= Collected data =
━━━━━━━━━━━━━━━━

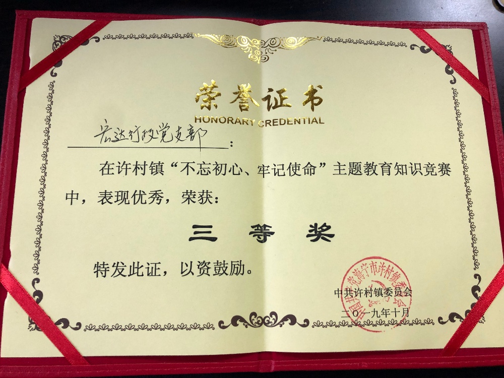 宏達行政黨支部參加鎮黨建知識競賽獲獎
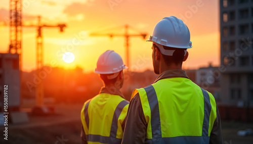 Back view of engineer in safety clothes, hardhat looks at petroleum plant. Inspector at chemical, hydrogen industrial zone. Crude oil refinery, gas, energy, fuel production, steel processing area.
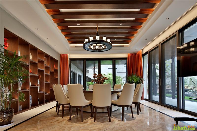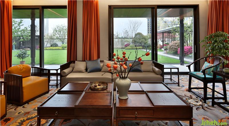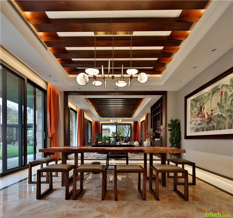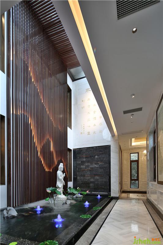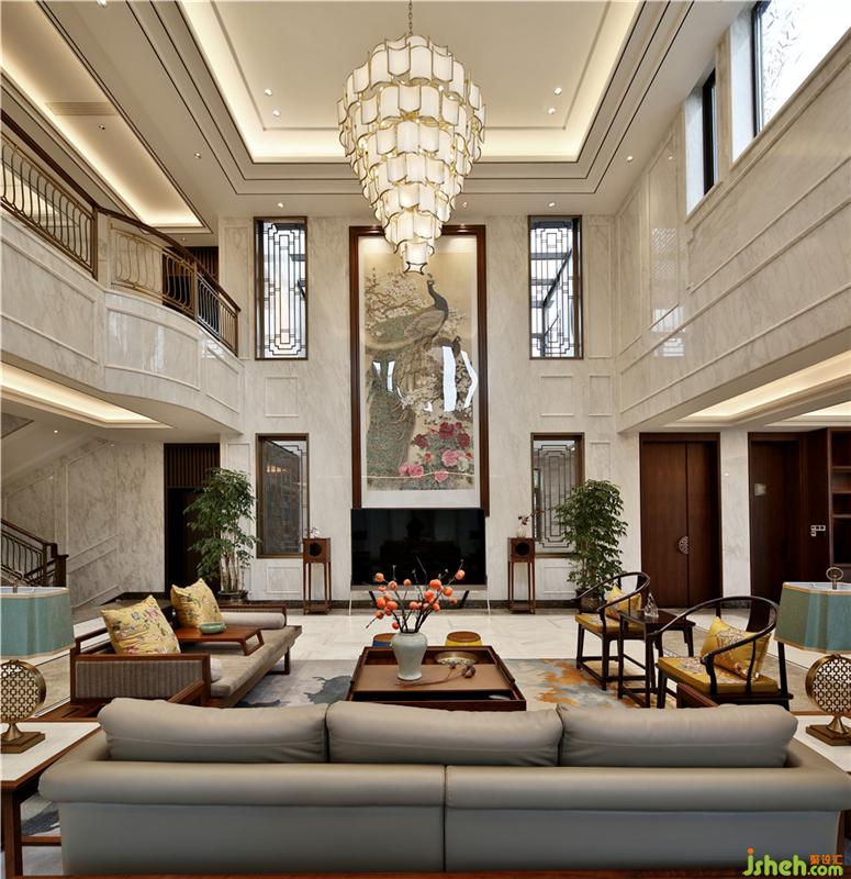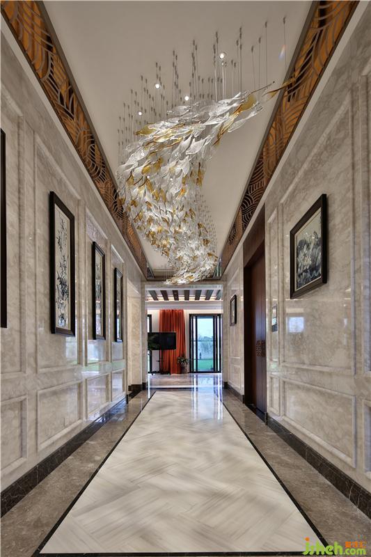 室內(nèi)硬裝方面運用大面積的大理石鋪設(shè)以及軟裝方面中式家具的選擇、國畫的點綴,在空間中顯出別有風(fēng)致的
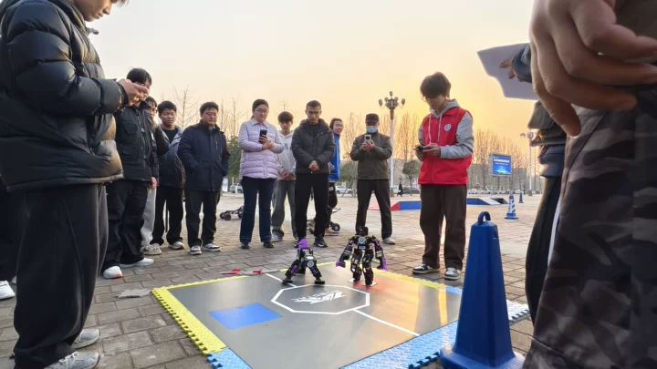 对抗赛现场,选手操控机器人一对一角逐,抢高地、推火种等战术轮番上演,三分钟赛程节奏紧凑,速胜倒计时环节点燃全场氛围。竞速赛道上,机器人需穿越锥桶、斜坡障碍并折返完成任务,选手精准操控下的每一次成功过障,都赢得观众阵阵掌声。人形功夫搏击赛中,击打,锁喉等招式精彩呈现,最后30秒不限攻击方式的规则让赛事氛围推向高潮。

━━━━━━━━━━━━━━━━

= What you are asked to do =
The answer must be an exact copy of the lines from the one that holds "室內(nèi)硬裝方面運用大" through the end of the data, both included, with no pictures.

= Output below =
 室內(nèi)硬裝方面運用大面積的大理石鋪設(shè)以及軟裝方面中式家具的選擇、國畫的點綴,在空間中顯出別有風(fēng)致的
 对抗赛现场,选手操控机器人一对一角逐,抢高地、推火种等战术轮番上演,三分钟赛程节奏紧凑,速胜倒计时环节点燃全场氛围。竞速赛道上,机器人需穿越锥桶、斜坡障碍并折返完成任务,选手精准操控下的每一次成功过障,都赢得观众阵阵掌声。人形功夫搏击赛中,击打,锁喉等招式精彩呈现,最后30秒不限攻击方式的规则让赛事氛围推向高潮。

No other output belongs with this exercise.